Cometary Electron Heating Driven by Solar Wind Interaction with the Coma

Rosetta's observations of 67P/Churyumov-Gerasimenko have highlighted the dynamic nature of a comet's plasma environment. In this work, we study the suprathermal electrons excited in the coma using observations from the Ion and Electron Sensor (IES) and other instruments onboard the Rosetta spacecraft. We fit the IES electron observations with the summation of 2 kappa distributions, which are characterized as a dense, warm population and a rarefied, hot population. The parameters of our fitting technique determine the populations' density, temperature, and invariant kappa index. It was previously determined that the hot population is likely solar wind halo electrons, but the warm population remains a mystery. Consequently, we focus our analysis on the warm population to determine its origin by comparing the density and temperature to the neutral density and magnetic field strength.

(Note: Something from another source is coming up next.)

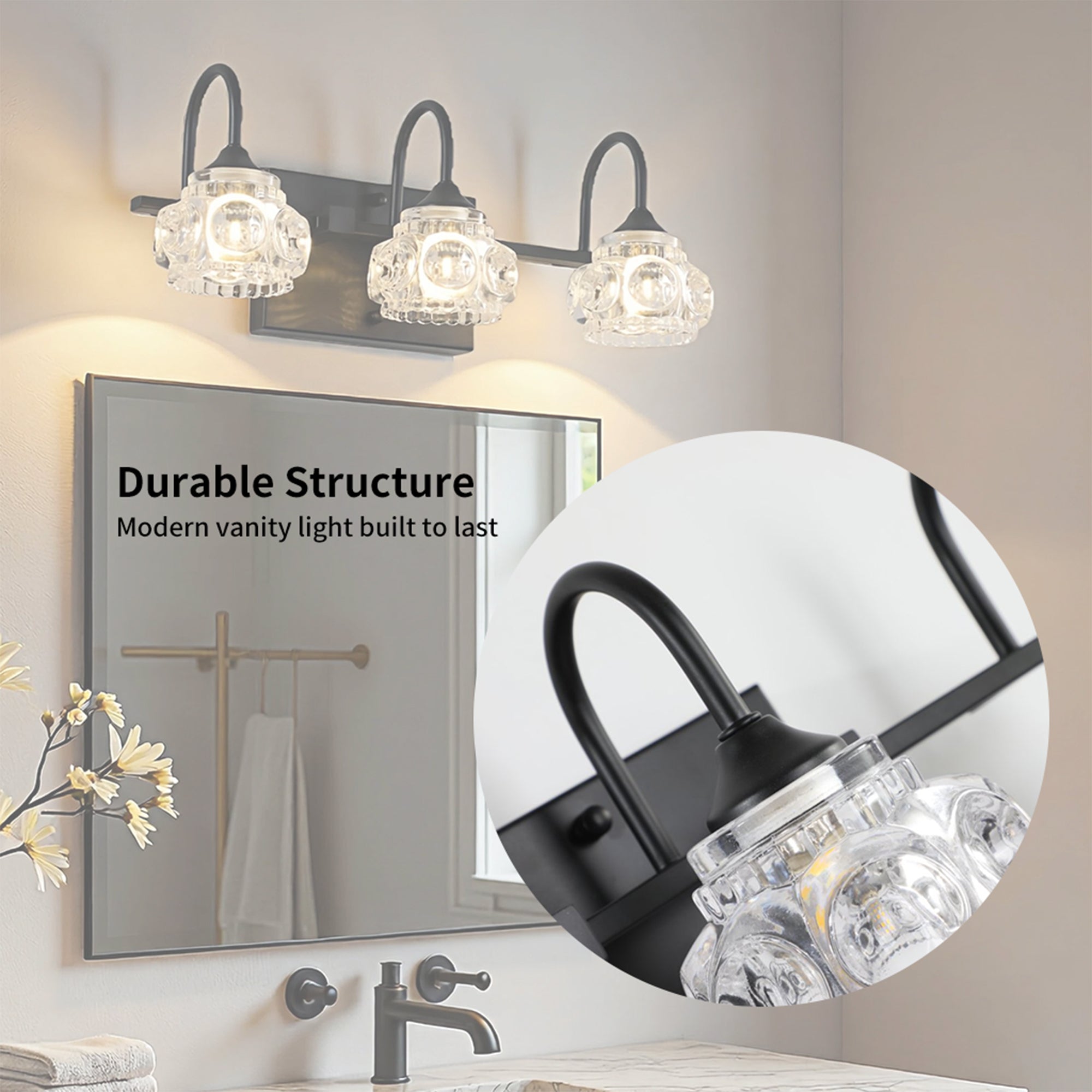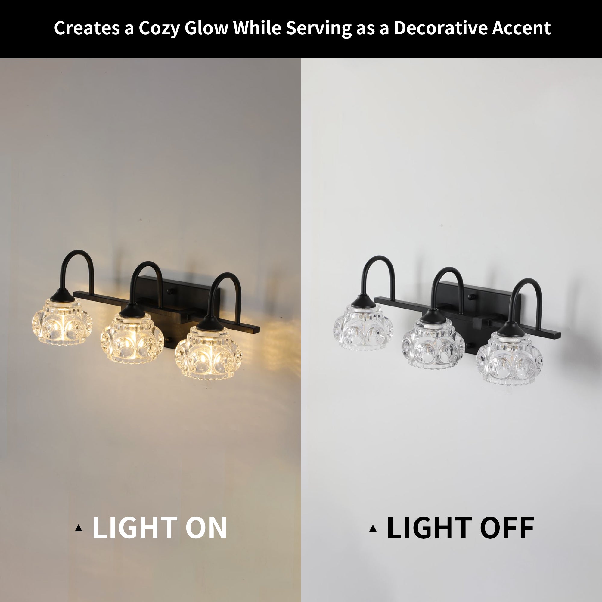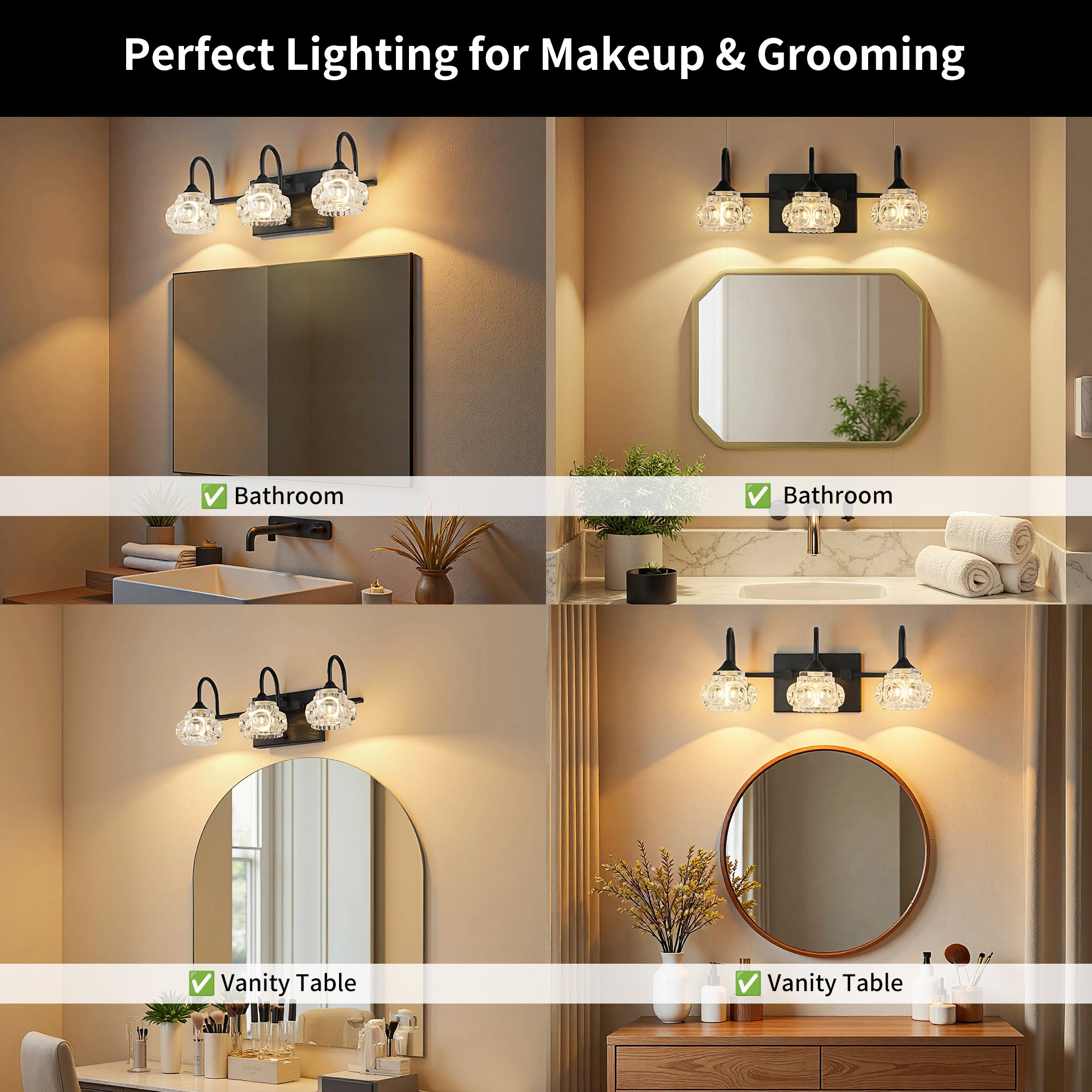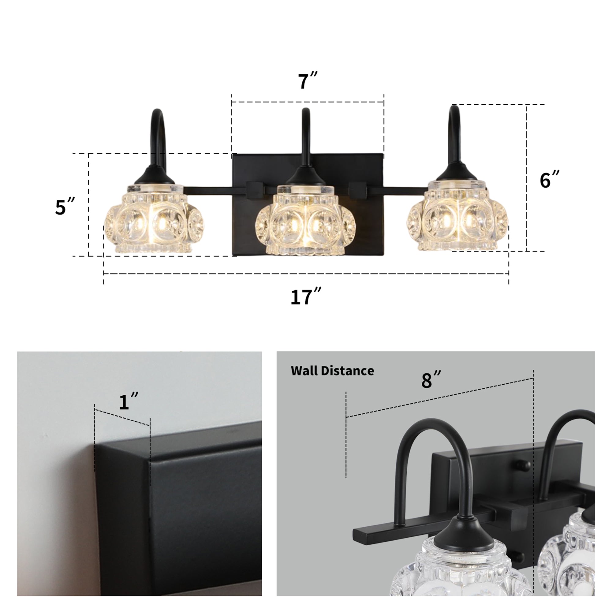 1、17 in. vanity light features 3 vintage-style crystal lampshades (G9 bulbs not included) and comes with a sleek, black-finished metal frame.

We find that the warm electron temperature above 100,000 K is strongly correlated with the neutral density, which is in contrast to previous results that found cometary electron temperature to be anti-correlated with neutral density. Additionally, we found that the warm electron temperature is closely related to the electrostatic wave power near the lower hybrid frequency. We conclude that the warm electron population is being heated by lower hybrid waves driven by the two-stream instability of solar wind protons and newly-formed, cometary ions created in localized, dense neutral streams.